GOOGLE CALENDAR AND OUTLOOK

Google has released their online calendar program http://calendar.google.com and for a first effort it’s very impressive.

As regular readers might know, we’re not big fans of this headlong rush to Internet based systems. They have a place but the presumption that people will always have an Internet connection and want to put all their data on corporate servers doesn’t impress us (or many of our readers).

Google Calendar won’t be making us abandon Outlook but it’s easy to see why many occasional users will be tempted. The ability to easily share calendars in whole or part is very interesting. Microsoft has features to do that at a corporate level but Google Calendar makes that easy for home or small business users.

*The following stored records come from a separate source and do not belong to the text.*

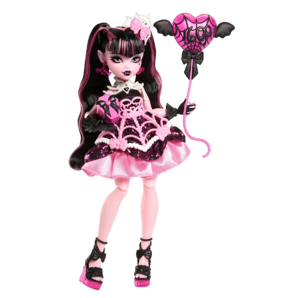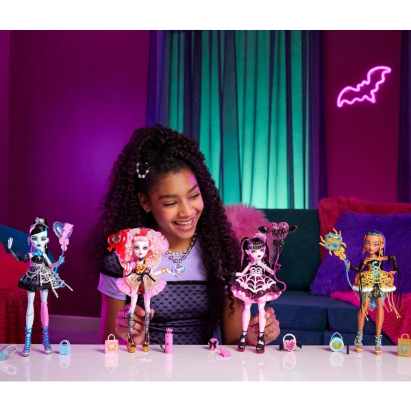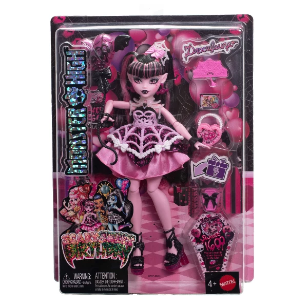 Draculaura organizează o petrecere Scary Sweet Birthday, cea mai dulce și înfricoșătoare celebrare a secolului! Nu în fiecare zi o monstruletă împlinește 1600 de ani, așa că o petrecere magică este modul perfect de a marca ocazia. Fiecare păpușă din serie poartă o ținută festivă și vine cu accesorii precum baloane, invitații, felicitări, cadouri și multe altele. Cu atâtea detalii adorabile, această petrecere va fi cu siguranță una de neuitat!
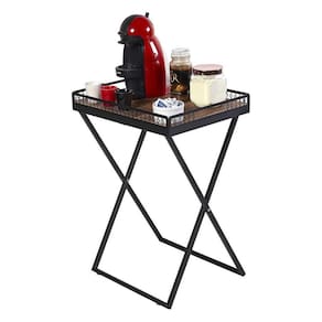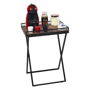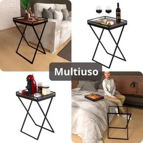 Mesinha dobrável para canto do café com bandeja preto fosco O conjunto du gard é uma mesa dobrável com bandeja removível que inspira-se em proporções e traços graciosos que trazem um aspecto leve e uma simplicidade majestosa. Conjunto du gard é super versátil podendo ser utilizado de várias formas, como um cantinho de café, uma mesa para aquele gostoso happy hour ao lado do sofá com seus convidados, uma maravilhosa degustação de vinho ou servir aquele café da manhã no aconchego de sua cama, pois a bandeja é removível podendo ser levada para qualquer lugar do seu lar. Além de sua versatilidade, é super prática pois sua base é dobrável, ficando supercompacta para guardar ou transportar. BenefíciosÉ um móvel multiuso, ideal para compor salas, cozinha, quartos, cantinho do café, escritórios, recepções, sem contar o toque especial na da decoração do ambiente. Conjunto tem seus contornos du gard e com acabamento amadeirado, tornando um móvel muito sofisticado. Bandeja removível podendo ser utilizada de forma separada para servir drinks no sofá, café da manhã na cama ou transportar pratos de forma segura. Compacta, utilize ao lado de sofás, cabeceiras de camas sem ocupar grandes espaços. Base dobrável, guarde em pequenos espaços. Especificações técnicaAcabamento: pintura eletrostática epóxiCor: preto foscoMaterial estrutura da base: tubo de aço 15x15mm com proteção anti-ferrugemMaterial da bandeja: aço com proteção anti-ferrugem e madeira.Requer montagem: nãoPeso suportado: 20kg Medidas da bandejaLargura: 48cmProfundidade: 37cmAltura: 6.5cm Medidas da baseLargura: 41cmProfundidade: 37cmAltura:63cm Conteúdo da embalagem1 un - bandeja1 un - base dobrável para bandeja Atenção: os objetos que ambientam as fotos não acompanham o produto.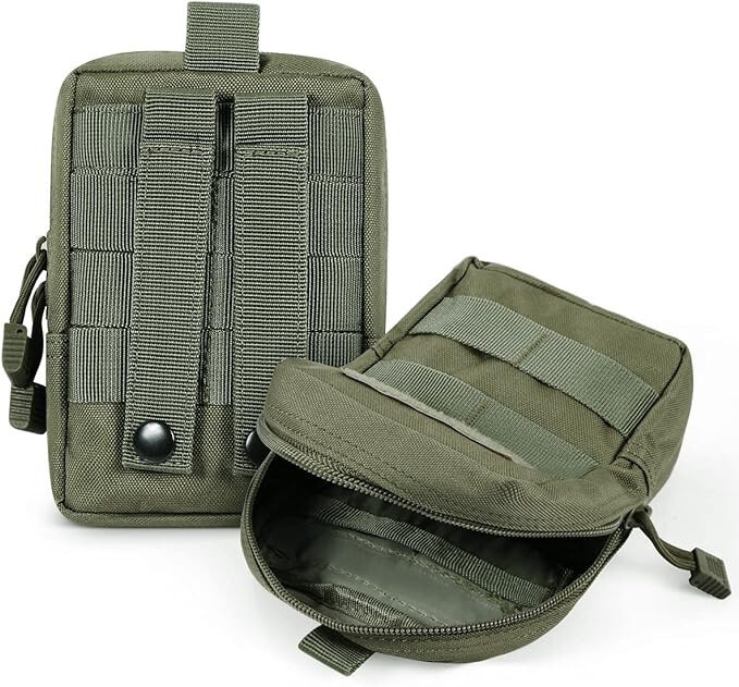 Die taktischen Taschen mit den Maßen 13 cm x 10,9 cm x 0,7 cm sind aus hochwertigem Nylon-Material gefertigt, das Langlebigkeit und Wasserbeständigkeit gewährleistet. Ideal zur Befestigung an taktischen Westen, Camping- oder Wanderrucksäcken sowie an anderen Ausrüstungsgegenständen. Das Reißverschluss-Design ermöglicht einfachen Zugriff, während die multifunktionalen Fächer eine optimale Raumausnutzung bieten.

Despite being a web browser based system it has some of the features that you’d except in a desktop system. You can drag and drop appointments and there are some keyboard shortcuts. If you’ve been wondering what the fuss is about ‘Ajax’ ‘Web 2.0’ and other browser based services, have a look at Google Calendar.

Couples, families and friends can share their individual Google Calendars between them with a few clicks – something that Outlook users would love to do but can’t without a lot of hoops.

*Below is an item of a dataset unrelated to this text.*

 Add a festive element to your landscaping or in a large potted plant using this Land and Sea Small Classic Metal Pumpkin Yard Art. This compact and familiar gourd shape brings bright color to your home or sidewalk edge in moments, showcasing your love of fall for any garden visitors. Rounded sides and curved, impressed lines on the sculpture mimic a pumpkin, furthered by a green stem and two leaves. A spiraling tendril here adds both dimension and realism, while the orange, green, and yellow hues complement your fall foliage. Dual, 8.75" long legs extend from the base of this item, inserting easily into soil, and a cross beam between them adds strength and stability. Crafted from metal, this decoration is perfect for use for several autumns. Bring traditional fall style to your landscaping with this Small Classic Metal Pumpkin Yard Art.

Like Outlook, you can have more than one calendar under a single Google Calendar login. Unlike Outlook these calendars can be easily viewed as a single view. Under ‘My Calendars’ you could make separate calendars for, say, Home and Work plus a separate one for vacation planning. With a single click the events from one calendar can be added or removed from the current view.

There’s an in-built system of alerts for upcoming appointments with email, SMS (US cell phones) and pop-ups. Again, the email and SMS options aren’t easily available to Outlook users.

You can post links on a web page to let people create appointments on their Google Calendars. That could be used to easily organize a party or promote an event. Bands or performers could provide links to their gigs with date, time and place all set to be added to your calendar. Outlook has support for two systems for sending appointments (iCalendar and vCalendar) but they’ve never taken off in a big way.

Recurring appointments are supported in Google Calendar (despite reports to the contrary) but they can’t be imported from Outlook.

You can import your Outlook appointments into Google Calendar (details here)  but there’s no way, at present, to export from the Google service.

I know it’s a minority view but we’d like to see a hybrid service for the PIM functions available in Outlook. Some traditional software on your computer with the data synced to a web host so you have the option of accessing and sharing the same data via a web browser, mobile phone as suits your needs. This would let you work on your personal information from your computer even when disconnected from the Internet, but the many advantages of the web service.

This should sound familiar to many Office Watch readers who have such a hybrid service with Outlook. Exchange Server or Small Business Server in corporate environments does this already – most people use Outlook to access Exchange Server data but there are also options to get to the same info via a web page (Outlook Web Access), PDA (Outlook Mobile Access) and even mobile phones (WAP support in OMA).